Energy infrastructure: We hold one position in a natural gas pipeline operator with North American network scale and contractual revenue visibility. This holding is a defensive, cash-flow-oriented position that benefits from sustained natural gas demand — particularly the gas-fired power generation that data center buildout drives.
Uranium and nuclear: We hold one domestic uranium producer position through our uranium thesis, described in detail in prior GZC research. The forced-spend dynamics in uranium — limited domestic production, growing demand from nuclear utilities, AI-driven clean energy procurement — create the BTT characteristics we require.
Critical minerals: We hold one position in a rare earth and critical mineral producer with domestic US production capacity and processing capabilities. The domestic production thesis is supported by both commercial demand and policy-driven procurement requirements.
What We Watch in the Commodities Pool
The monitoring framework for the Commodities pool differs from the Technology pool: commodity supply chains move on longer timescales, and the relevant data is in production reports, regulatory filings, and contract disclosures rather than technology procurement lead times.
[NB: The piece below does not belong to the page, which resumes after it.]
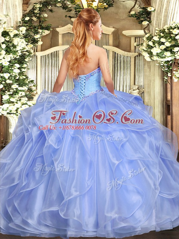 Extravagant Sleeveless Appliques and Ruffles Lace Up Quince Ball Gowns

We track: oil and gas production levels and well economics, uranium contract pricing and utility procurement programs, rare earth processing capacity additions and US policy developments, and natural gas storage levels and power generation demand signals.
Position duration in the Commodities pool is typically longer than Technology positions — commodity supply chains take years to adjust, and the forced-spend dynamics that drive our positions (non-discretionary energy demand, constrained mineral production, limited new mine development) resolve on decade-scale timelines rather than year-scale ones.
Why Both Pools Together
The Technology and Commodities pools complement each other in a way that matters for portfolio construction: they respond to different drivers at different times in the economic cycle. When AI infrastructure investment is accelerating and semiconductor supply chains are tight, the Technology pool performs strongly. When commodity markets are tight and energy demand is robust, the Commodities pool contributes. Both are connected to the same mega-trend — the AI-driven transformation of the global economy and its energy and materials requirements — but they access that trend through different supply chain layers.
This is not diversification for its own sake. Both pools are concentrated in BTT-identified forced-spend positions. But the combination provides exposure to the full capital cycle — from the materials in the ground to the AI chips in the data center — in a way that a single-sector fund cannot.